The second most associated region in this study was 15q21, the rs10519031 flanks the FOXB1 gene which belongs to the family of FOX (forkhead box) transcription factors, with more than 40 members expressed in mammals. Mutations in this group of genes have important effects on human diseases [26]. However, the FOXB1 protein has only been described as being involved in regulating embryonic development [27] until this time.

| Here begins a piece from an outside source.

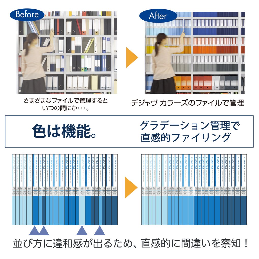 The dejaVu color series which can be managed by color proposes an efficient and easy filing which changes the file organization method so far.

The 15q21 has already been described in GWA of asthma, with the most associated genes being RORA, SMAD3 and SCG3 [28]. RORA is a transcription factor which belongs to the nuclear hormone receptor (NR1) superfamily and links as monomers to specific hormonal response elements in the DNA [29]. It may increase or restrain the transcription of target genes [30] and is differentially expressed during development of the human lung. SMAD3 (SMAD protein family member 3) is a (later) downstream transcription factor of TGFβ and is important for metabolic pathways of regulatory T cells and TH17 [31] cells. It is related to the metabolic pathway of regulatory T cells which forms part of the common [32] process of negative regulation of TH1 and TH2 [33]. SCG3 (secretogranin 3) encodes a protein member of the neuroendocrine secretory protein family, chromogranin/secretogranin, which are ubiquitous protein regulators of protein secretion [34]. However, there has been little research on its functions.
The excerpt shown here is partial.